Und wenn sich schon die rationalen Anforderungen schmerzlos streichen lassen, dann besteht kein Grund, bei den ästhetischen mehr Skrupel zu zeigen. Der Vorgang ist auch deshalb ein Ärgernis, denn es empört die Frechheit, mit der sich Leute, welche des Deutschen nicht hinreichend mächtig sind, das Recht anmaßen, allen anderen Vorschriften zu erteilen, wie man mit der Sprache umzugehen habe.
Dies also die Angelegenheit, soweit sie die Betreiber der Ideologie betrifft. Nun gibt es jedoch auch das Publikum, die unfreiwilligen Konsumenten. Hier aber erweist sich, dass jene Fehlleistung der „Tagesschau“ nur ein Bestandteil von vielen ist, die das Bild der Welt und damit die allgemeine Einstellung zu ihr verändern sollen. Hier drängt sich ein weiteres Exempel auf. Um darzustellen, wie eng die Medien und die Politik bei der Verwirrung der Sinne zusammenarbeiten, ein Zitat aus der Web-Seite des deutschen Familienministeriums. Dort steht zu lesen: „Es gibt gebärende Männer und zeugende Frauen.“ Da scheint das Bestreben, die Wirklichkeit zu verhöhnen und jede Sicherheit im Menschenleben zu zertrümmern, zum Maßstab der Politik geworden zu sein.
Am Rande und nebenbei: Wo die ARD einen Vorstoß macht, will das ZDF nicht hintanstehen.
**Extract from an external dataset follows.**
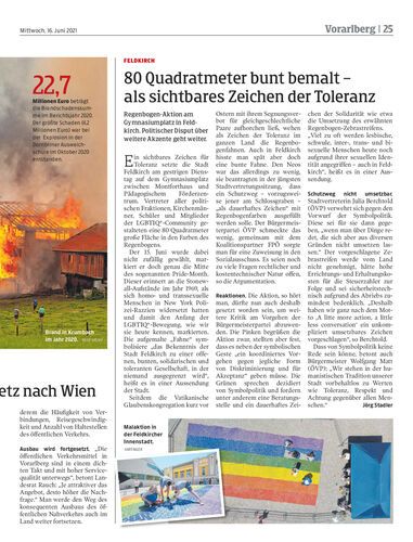 Regenbogen-Aktion am Gymnasiumplatz in Feldkirch. Politischer Disput über weitere Akzente geht weiter.

Kürzlich wurde eine Sendung angekündigt, und diese „geht der Frage nach, wer bestimmt, ob wir Frau, Mann oder nichtbinär sind“. Nun – wollte man sich an die Wirklichkeit halten, so wäre die Frage schnell beantwortet: Das bestimmt der Chromosomensatz im menschlichen Erbgut, letztlich die Frage nach einem vorhandenen oder fehlenden Y-Chromosom. Aber darum geht es den Veränderern der Welt gar nicht. Es geht ihnen darum, zu tilgen, was ist und an die Stelle zu setzen, was eine verschwindend kleine Minderheit haben will.

Kein Versehen eines Einzelnen

Wenn sich die Politik dazu erhebt, Grundwahrheiten zu leugnen und die Erfahrung von Jahrtausenden zu missachten, dann geschieht dies, um die Menschen ihrer inneren Sicherheit und geistigen Ordnung zu berauben. Ist es dann so weit gekommen, wird die Leere mit dem süßen Gift der Ideologie gefüllt. Was wirklich ist, erschließt sich nun nicht mehr durch die Erfahrung, sondern die Vorgabe der Herrschenden und deren illusionäre Zielsetzung. Was dieser nicht entspricht, wird getilgt.
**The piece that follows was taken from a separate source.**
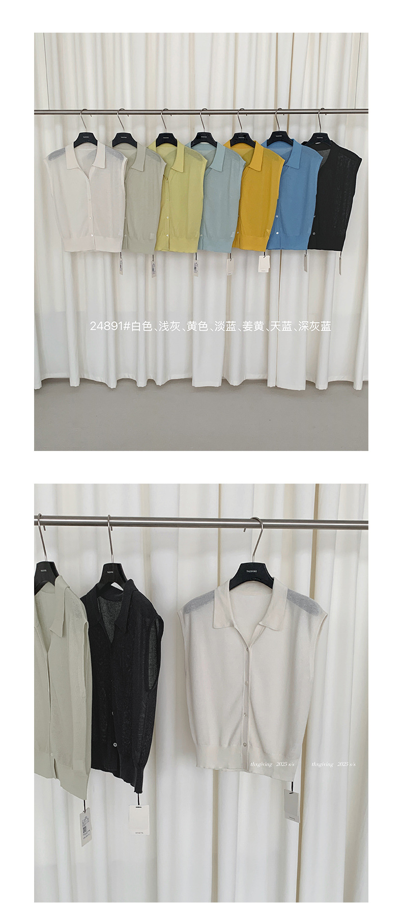 TG 심플 통근 솔리드 컬러 버튼 니트 폴로 셔츠 여성 2025 여름 신작 플라잉 슬리브 얇은 탑 24891

Nun ist festzustellen und erregt bei manchem Erstaunen, dass der Umsturzversuch, dessen Teil die Genderei in allen Verästelungen darstellt, als erstes im Bereich der Gesellschaft ansetzt. Nach aller geschichtlichen Erfahrung war es früher meist so, dass eine revolutionäre Kraft zuerst die politische Macht eroberte und dann, im Besitz derselben und im Gefolge die Gesellschaft durch Maßnahmen unter ihr Joch zwang, die von Gehirnwäschen, Denunziantentum, Strafandrohungen und bis zur Zerstörung von Existenzenreichen. Diesmal sind es diese Maßnahmen, die den Boden für eine politische Allmacht bereiten. Zuerst wird die Gesellschaft verunsichert, belogen, bedroht und ihrer selbst entkleidet, dann kommt die Gewalt des Staates.
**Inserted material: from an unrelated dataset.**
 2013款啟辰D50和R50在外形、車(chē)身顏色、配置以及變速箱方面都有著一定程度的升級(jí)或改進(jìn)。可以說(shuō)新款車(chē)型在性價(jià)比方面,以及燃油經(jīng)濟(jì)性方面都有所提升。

Dabei gibt es keinen sichtbaren Punkt, an welchem die Wende unmöglich wird. Die Entwicklung geht langsam und in kleinen Schritten und wie von selber und deshalb für viele unauffällig, weil verschiedene Kräfte in stiller Einigkeit daran arbeiten: fast alle Parteien ebenso wie die weit überwiegende Zahl der Medien, Teile der Kirchen, opportunistische Vertreter von Wissenschaft und Konzernen, die Gewerkschaften und allzu viele von der Politik finanzierte Organisationen.